Participants were enticed with promises of 40% to 50% gains over 30 to 45-day periods. In certain instances, Fuller suggested investors could see returns exceeding 100% in merely 21 days.

Additionally, Fuller represented that investor capital enjoyed multiple layers of protection: surety bond coverage, Federal Deposit Insurance Corporation insurance, and professional liability insurance. According to the SEC, all these safety assurances were completely fabricated.

Actual Deployment of Investor Capital

Out of the total $12.3 million collected from investors, only approximately $380,000 — representing just 3% of funds — was actually deployed to purchase digital assets. No automated trading systems were ever employed, and these limited cryptocurrency transactions produced zero profits.

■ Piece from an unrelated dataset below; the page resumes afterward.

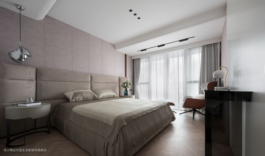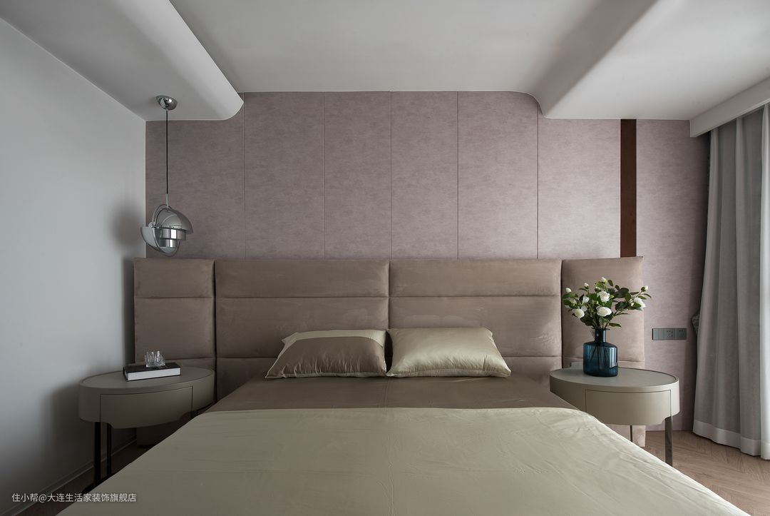 主卧大面积使用莫兰迪色调,更加温柔软糯,熨平生活带来的所有波澜,只留下对生活和未来的热爱。

The SEC alleges that Fuller diverted no less than $6.2 million to finance his personal lifestyle. These misappropriated funds financed residential real estate, casino activities, vacation expenses, and automobile purchases.

An additional $5.5 million circulated back to earlier participants in classic Ponzi-style distributions, creating the illusion of legitimate investment performance.

Concealment Tactics

When investors requested withdrawals or account updates, Fuller responded with fabricated account statements displaying fictitious gains.

He also referenced nonexistent business entities throughout his communications with clients. In a particularly sophisticated deception, he employed artificial intelligence technology to create a letter purportedly from an auditing firm. This manufactured correspondence informed investors their holdings were undergoing review before transfer into a trust structure.

Prior Legal Proceedings

Before the SEC initiated its enforcement action, Fuller faced bankruptcy proceedings. During those proceedings, the Justice Department reported that Fuller was denied discharge of debts exceeding $12.5 million. Fuller acknowledged in bankruptcy court that he operated Privvy as a Ponzi scheme and created false documentation.

SEC’s Legal Demands

The SEC has formally accused Fuller of violating multiple federal securities statutes, including both registration requirements and antifraud provisions. The agency is pursuing permanent injunctive relief, return of ill-gotten gains, financial penalties, and prohibition from participating in any future securities offerings.

This enforcement action follows similar cases, including a $14 million fraud prosecuted last year where perpetrators exploited AI marketing themes to attract retail investors via WhatsApp messaging platforms.

The commission also recently charged cryptocurrency executive Donald Basile in an unrelated $16 million fraud involving a digital token called Bitcoin Latinum.